Thu Jul 26 09:32:13 UTC 2018

Am 26.07.2018 um 07:48 schrieb Aleksey Shipilev:
> I am looking into the barriers profile, trying to understand where the overhead for the activated
> barriers are coming from. In very CSet-intensive microbenchmarks, it seems that taking the WB
> midpath consumes most of the time. And if we look into the profile, then RB is the hottest thing
> there.
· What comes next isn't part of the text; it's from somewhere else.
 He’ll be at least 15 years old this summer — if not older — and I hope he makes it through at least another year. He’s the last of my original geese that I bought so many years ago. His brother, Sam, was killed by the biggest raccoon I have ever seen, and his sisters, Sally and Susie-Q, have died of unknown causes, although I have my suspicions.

I remember from my update-refs experiments that changing the test from "in_cset +
> check_fwdptr" to "check_fwdptr + in_cset" degraded update-refs concurrent performance around 3x.
> 
> In the WB midpath code we do exactly that slow pattern:
> 
>  if (gcstate_bit_set(HAS_FORWARDED)) {
>    o = rb(o)                  // <--- this guy is hot
>    if (gcstate_bit_set(EVAC|TRAVERSAL) {
>      if (in_cset(o)) {
>        o = call shenandoah_wb
>      }
>    }
>  }
> 
> ...maybe we should instead do:
> 
>  if (gcstate_bit_set(HAS_FORWARDED)) {
>    if (in_cset(o)) {          // <--- avoid touching the fwdptr if object cannot be forwarded
>      o = rb(o)
>      if (gcstate_bit_set(EVAC|TRAVERSAL) {
>        if (in_cset(o)) {      // <--- avoid going to slowpath is object is evac'ed already
>          o = call shenandoah_wb
>        }
>      }
>    }
>  }
> 

Notice how this could be simplified for traversal GC:

 if (gcstate_bit_set(HAS_FORWARDED)) { // only 1 phase.
   if (in_cset(o)) {          // <--- avoid touching the fwdptr if
object cannot be forwarded
     o = rb(o)
     if (in_cset(o)) {      // <--- avoid going to slowpath is object is
evac'ed already
       o = call shenandoah_wb
     }
   }
 }

Roman